28.03.2022Fachbeitrag

Update Arbeitsrecht März 2022

Wer trägt die Darlegungs- und Beweislast für den Zugang einer E-Mail?

LAG Köln, 11.02.2022 – 4 Sa 315/21

Kann der Absender einer E-Mail sich darauf verlassen, dass die E-Mail den Empfänger quasi in Echtzeit zugeht? Das Landesarbeitsgericht Köln hat dies eindeutig verneint. Der Absender trägt die volle Darlegungs- und Beweislast dafür, dass die E-Mail dem Empfänger zugegangen ist.

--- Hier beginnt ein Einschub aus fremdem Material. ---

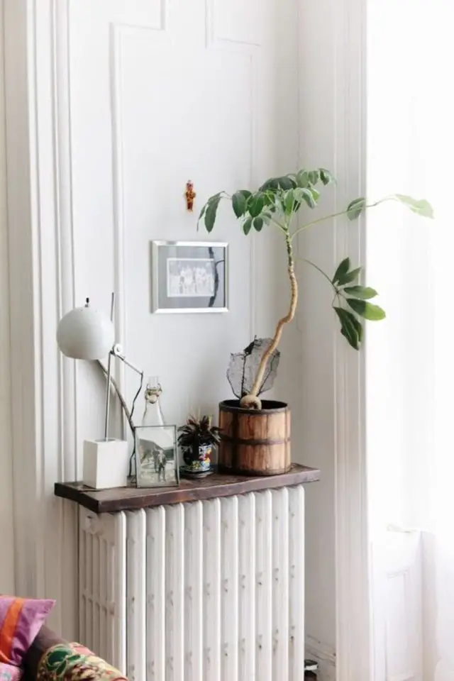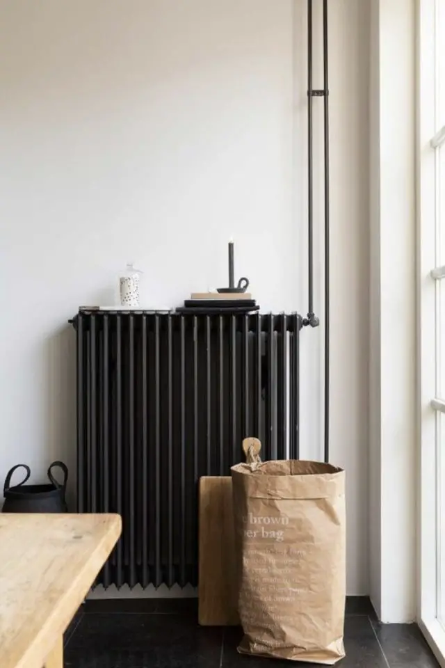 Je l'évoquais déjà la semaine passée, l'automne est là. Même si je suis à plusieurs milliers de kilomètres de la France, je sais aussi qu'en ce moment c'est un sujet tristement tendance que de se chauffer cet hiver. (Putain, on vit quand même dans un monde sacrément fucké quand même!) Je me tâte d'ailleurs à écrire un article sur la manière de faire des économies d'énergie. J'ai pu voir une paire d'aberrations à ce propos sur les réseaux sociaux. Mais dans mon esprit, c'est un sujet tout aussi politique que pratique. Je ne vais donc pas commencer la semaine en m'énervent toute seule à ce propos. Au lieu de ça, je vous propose quelques idées pour rendre plus élégant votre radiateur, notamment les systèmes au gaz. On peut les peindre, on peut créer un coffrage pour le dissimuler, on peut aussi tout simplement poser une étagère au dessus (l'idéal est quand même de laisser un espace entre l'étagère et le radiateur pour que l'air chaud puisse circuler!). Le radiateur peut être un élément un peu moche dans la déco d'une pièce. Vous avez deux choix possibles: D'une part, le planquer pour qu'il se fasse ou oublier ou d'un autre côté il est possible de le mettre en valeur pour le rendre bien plus déco. Perso, j'aime beaucoup la deuxième possibilité!

Selbst, wenn der Absender keine Benachrichtigung über die Unzustellbarkeit erhält, gibt es keinen Anscheinsbeweis.

Sachverhalt

Der Kläger hatte im Konzern der Beklagten eine Pilotenausbildung absolviert. Gemäß dem Schulungsvertrag musste er für die Ausbildungskosten einen Eigenanteil von EUR 60.000,00 übernehmen. Parallel zum Ausbildungsvertrag wurde daher ein Darlehensvertrag in Höhe des Eigenanteils mit einer anderen Konzerngesellschaft geschlossen und das Darlehen direkt an die Ausbildungsgesellschaft ausgezahlt. 

Bezüglich der Rückzahlung wurde geregelt, dass der Kläger, wenn ihm aus betrieblichen Gründen nicht innerhalb von fünf Jahren nach Beendigung der Schulung die Übernahme in ein Cockpitarbeitsverhältnis angeboten wird, das Darlehen nicht zurückzahlen muss.

Der Kläger schloss seine Ausbildung am 26. Oktober 2013 ab. Die Frist zum Angebot eines Arbeitsvertrags endete daher am 26. Oktober 2018. Am 27. Oktober 2018 ging dem Kläger ein postalisches Schreiben, datiert auf den 25. Oktober 2018, zu. In diesem Schreiben hat die Beklagte dem Kläger einen Arbeitsplatz angeboten. 

Bis zuletzt streitig war jedoch, ob der Kläger bereits am 25. Oktober 2018 eine E-Mail von der Beklagten mit Arbeitsplatzangebot erhalten hatte. Ist ihm keine E-Mail vor dem 26. Oktober 2018 zugegangen, so muss er das Darlehen nicht zurückzahlen.

Kein Anscheinsbeweis beim Zugang einer E-Mail 

Das Landesarbeitsgericht Köln stellte in seinem Urteil fest, dass dem Kläger nicht innerhalb der entscheidenden Frist von fünf Jahren ein Cockpitarbeitsverhältnis angeboten wurde. Das postalische Schreiben habe die Frist eindeutig nicht gewahrt. Die Beklagte hatte zwar behauptete, dass das selbe Schreiben als Anhang der E-Mail am 25. Oktober 2018 an die E-Mail-Adresse des Klägers versendet wurde. Es sei allerdings festzuhalten, dass die Absendung der E-Mail kein Anscheinsbeweis für den Zugang beim Empfänger begründet. Nach dem Versenden einer E-Mail geht die Nachricht normalerweise auf einem Server ein. Dies sei jedoch nicht gewiss. Auch bei einfacher Post sei es technisch möglich, dass die Nachricht nicht ankomme. Dieses Risiko könne nicht dem Empfänger aufgebürdet werden. Schließlich wähle der Versender die Art der Übermittlung der Willenserklärung und trage damit auch das Risiko, dass die Nachricht nicht ankommt. Das Landesarbeitsgericht Köln weist noch darauf hin, dass der Versender die Option einer Lesebestätigung habe, welche vorliegend aber nicht genutzt wurde. 

Dem Kläger wurde somit nicht innerhalb der Frist von fünf Jahren ein Arbeitsplatz angeboten. Er war somit nicht verpflichtet, das Darlehen zurückzuzahlen. In der Praxis ist daher dem Rat des Landesarbeitsgerichts zu folgen, immer eine Lesebestätigung anzufordern, wenn der Zeitpunkt und der Zugang der E-Mail relevant sind bzw. werden könnten.